General News of Thursday, 17 October 2002

Source: Chronicle

Togo denies knowledge of plot to kill Rawlings

The Togolese Authorities have come out strongly to deny accusations about the alleged existence of a secret camp in Togo for the training of killers, and conspirators for the exclusive purpose of the assassination of a former Ghanaian Head of State, Flt.-Lt. Jerry Rawlings.

Togo’s Foreign Affairs Minister, Koffi Panou, was reacting to allegations contained in a press interview granted to the Ghanaian newspaper The Statesman by the special aid of former Ghanaian head of state in Accra.

In the press interview, Victor Smith, the special aid said that ex-President Rawlings had received information about a plot by assassins who are allegedly receiving training in a secret camp inside Togolese territory to kill him.

According to the special aid “the conspirators who had set up a secret camp in neighbouring Togo to receive training in order to assassinate former President Rawlings are also sympathisers of the present government of Ghana.

The media reports alleged that the information of the plot came to the office of the former President on Wednesday from an intelligence source in Canada. The special aide alleged that former President Rawlings has the names of the alleged assassins but was not prepared to reveal them to the press.

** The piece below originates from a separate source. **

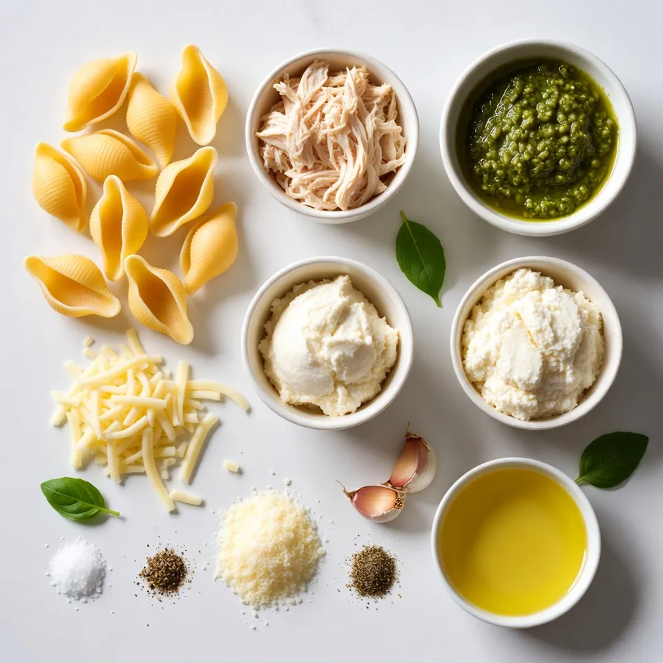 To create delicious Pesto Chicken Stuffed Shells, gather these simple ingredients:

In a sharp reaction to the allegations, Togo’s Foreign Affairs Minister, Panou, said that Togo has no knowledge of any secret camp set up inside its territory ostensibly to offer training for the sole mission of killing the former Ghanaian head of state.

Minister Panou expressed shock at the allegations. He told the BBC in London that Togo, as a founding member of ECOWAS strictly adheres to the protocols of the Treaty of Non-Aggression of 1978, which forbids member states from offering their territories for acts of subversion against member states of the community.

For this reason Panou explained that Togo has not in the past nor does it intend to in the future, offer its territory for the training of subversionists, terrorists or assassins from neighbouring ECOWAS member states.

He emphasised that Togo has no quarrel with the former Ghanaian head of state, and does not stand to benefit or appropriate any political gains from the assassination of ex- President Rawlings or any other individual from any ECOWAS member state.

Minister Panou recalled that when former President Rawlings was in power his government was accused of several attempts to destabilise the Togo government but Togo did not retaliate.

He said that now that he is out of power, there is no apparent need for Togo to seek to eliminate him adding that, “Flt. Lt. Jerry John Rawlings is not a threat to Togo in any way.”

Panou therefore appealed to Rawlings to endeavour to furnish the Togolese government with all intelligence information in his possession concerning the existence of the alleged secret camp in Togo. He said this will enable the country’s competent security agencies to carry out “thorough investigations into the allegations.”

Ghana’s Ambassador to Togo, Kwabena Mensa-Bonsu, said there is no iota of truth in the allegations because there is no evidence that such an imagined training camp really exists in Togo.